UCR: ¿renovación y cambio?
1 minuto de lectura'
En sectores de la Unión Cívica Radical (UCR) ha ido cobrando fuerza la idea de que el próximo presidente del partido sea nuevamente el doctor Raúl Alfonsín. Sin desconocer los méritos de quien en 1983 presidió la transición de la Argentina a la democracia, creemos que desde hace ya un buen tiempo en la vida nacional es necesario impulsar una profunda renovación del sistema político argentino. Pensamos, por lo tanto, que no debería postularse como titular de la UCR quien ya cumplió un largo ciclo en la militancia partidaria. Alfonsín tiene ganado un lugar en la historia del radicalismo y del país, pero es hora de abrir paso a una nueva generación de dirigentes y de esta manera preservar su imagen como ex presidente de la República.

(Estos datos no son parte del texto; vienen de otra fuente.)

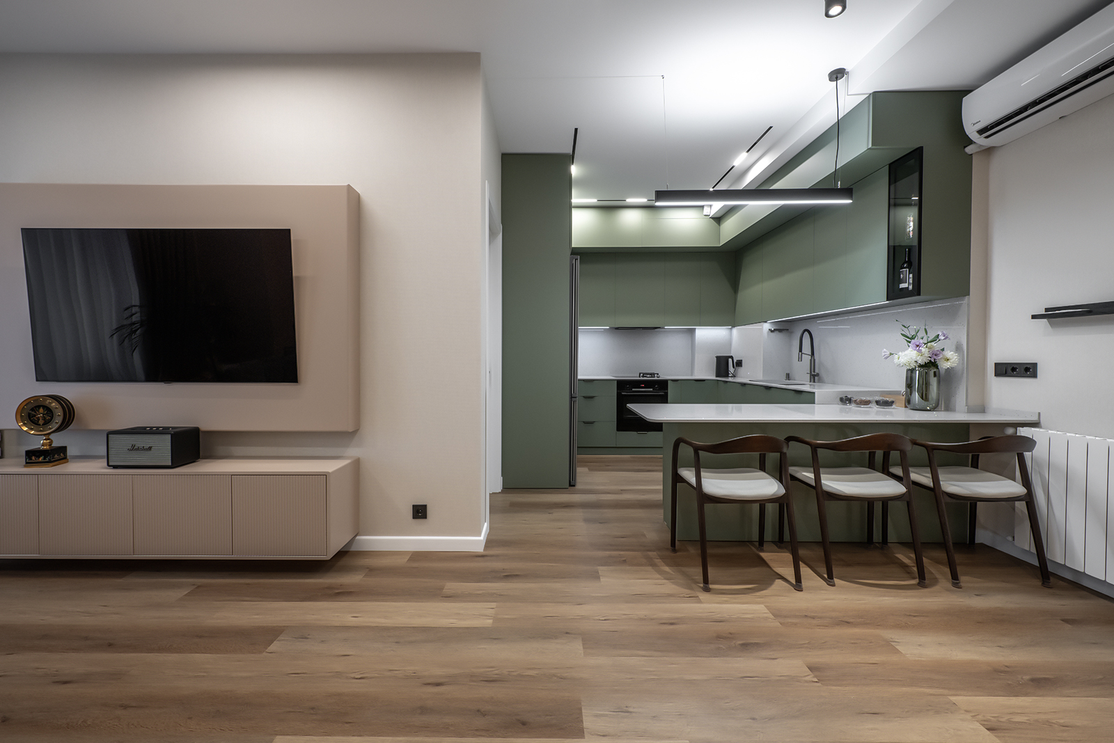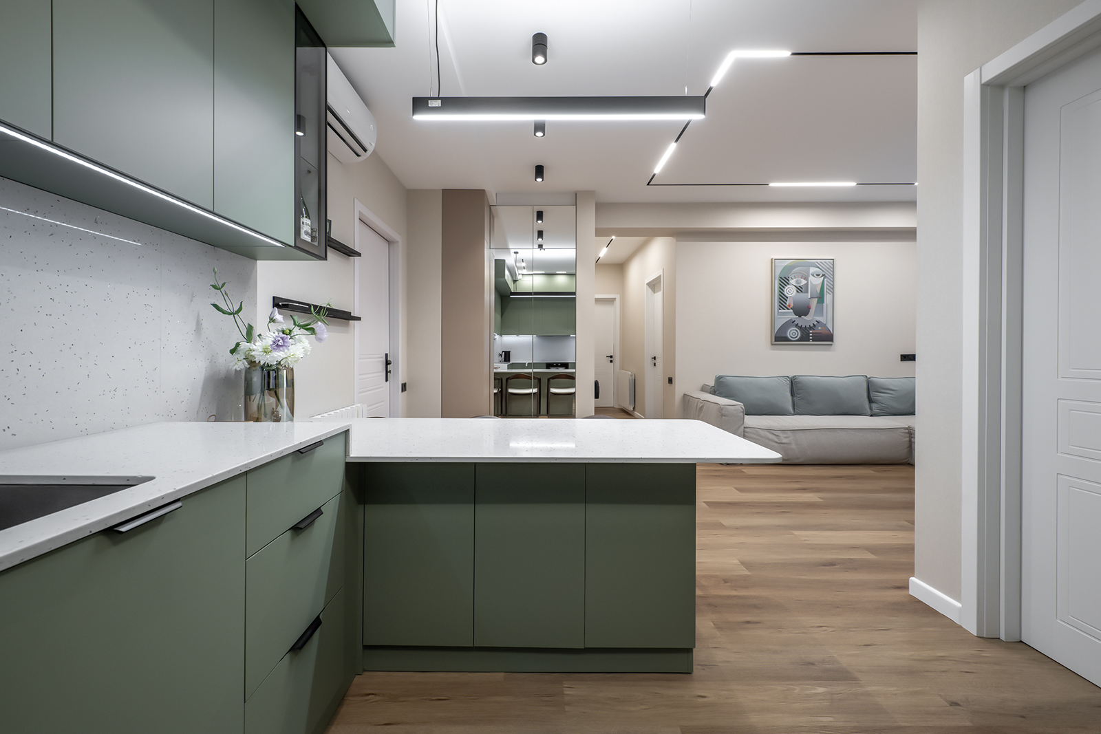 ბინაში ერთ-ერთი გამორჩეული ზონაა სამზარეულო. სამზარეულოს ავეჯი ზეთისხილისფერ ტონალობაშია გადაწყვეტილი, რაც ინტერიერს ძალიან ალამაზებს და ახალისებს. აქვე გვხვდება Kraus-ის ბრენდის ნიჟარა, სამზარეულოს ზედაპირები კი ქვით არის მოპირკეთებული. ეს კუთხე საკმაოდ ფუნქციურია, რადგან ტევადი კარადებითა და თაროებით არის დატვირთული, რომელთა მიღმა ჭურჭელი, საჭირო ნივთები და ინვენტარია მოქცეული. სამზარეულოს კუნძული სადა და მინიმალისტურია, ის ერთი მხრივ, მიჯნავს შემოსასვლელ და სამზარეულო ზონას ერთმანეთისგან, მეორე მხრივ კი სასადილო მაგიდის ფუნქციას ითავსებს.

Una de las causas de la crisis en que está sumida la UCR debe buscarse, justamente, en la falta de renovación de los dirigentes partidarios. El reciente éxito radical en Santiago del Estero podría atribuirse al adecuado recambio generacional operado, que derivó en la consagración de Gerardo Zamora para la gobernación provincial.
Los argentinos necesitamos hoy más que nunca constituir partidos políticos con visión de futuro, conducidos -en lo posible- por líderes que no hayan ejercido responsabilidades de gobierno en el complejo y desgastante período que nos condujo a la gravísima crisis de la cual estamos tratando de emerger.
Cuando Alfonsín creó, hace ya muchos años, la línea política interna que lo llevó a la conducción del centenario partido, utilizó dos palabras realmente iluminadoras y significativas: su movimiento se llamó Renovación y Cambio. Hoy, a muchos años de distancia de la constitución de aquella fuerza interna, tenemos la certeza de que la UCR -y todo el sistema político argentino- necesita avanzar con firmeza hacia nuevos horizontes de renovación y de cambio.
La tradición institucional argentina se basó -a partir de la sabia Constitución de 1853/60- en la idea de un país que superara la vieja concepción de los caudillismos y de las dirigencias ávidas de perpetuarse en el poder. Por eso se incluyó en la ley suprema la cláusula que prohibía la reelección inmediata del presidente de la República. Esa sabia prescripción contribuyó de manera decisiva a la construcción de la gran Argentina de las primeras décadas del siglo XX, pujante y abierta al progreso. La Constitución desalentaba a los gobernantes que pretendían desempeñar su cargo con la malsana ambición de seguir ejerciendo indefinidamente la conducción política del país.
Esa saludable tradición fue quebrada inesperadamente en 1949, cuando a instancias del peronismo se reformó el texto constitucional y se adoptó el lamentable sistema de la reelección presidencial indefinida. Restablecida la Constitución histórica de 1853/60, hacia 1994 una nueva reforma introdujo en nuestra ley suprema el régimen actual, que prevé un mandato presidencial de cuatro años y la posibilidad de una sola reelección inmediata.
Más allá de esas azarosas modificaciones, es evidente que nuestra mejor tradición institucional será siempre la que apunta a favorecer la periódica renovación de las autoridades. Y ese principio debe ser observado no sólo en las estructuras institucionales de gobierno, sino también en las funciones de conducción de los partidos. En un sistema de genuina inspiración republicana, como bien se ha dicho, los partidos políticos deben dar el ejemplo y necesariamente estar organizados a "imagen y semejanza" de la Nación.
Winston Churchill solía decir, con su potente visión crítica de la realidad, que, paradójicamente, los partidos políticos suelen ser el lugar en el que menos se ejercita la democracia. Los argentinos debemos tener en cuenta -en ésta como en tantas otras materias- las orientaciones rectoras del lúcido estadista inglés. Debemos construir la mejor democracia posible desde ese espacio fundamental de la vida institucional cívica que son las grandes agrupaciones partidarias. Esto vale para el radicalismo y para todas las otras fuerzas que aspiran a edificar la Argentina del futuro sobre auténticas bases de convivencia y participación ciudadana.
Renovación y cambio. Esa fue la consigna hace varias décadas. Y ésa debe seguir siendo hoy la propuesta que las organizaciones partidarias le deben a la República.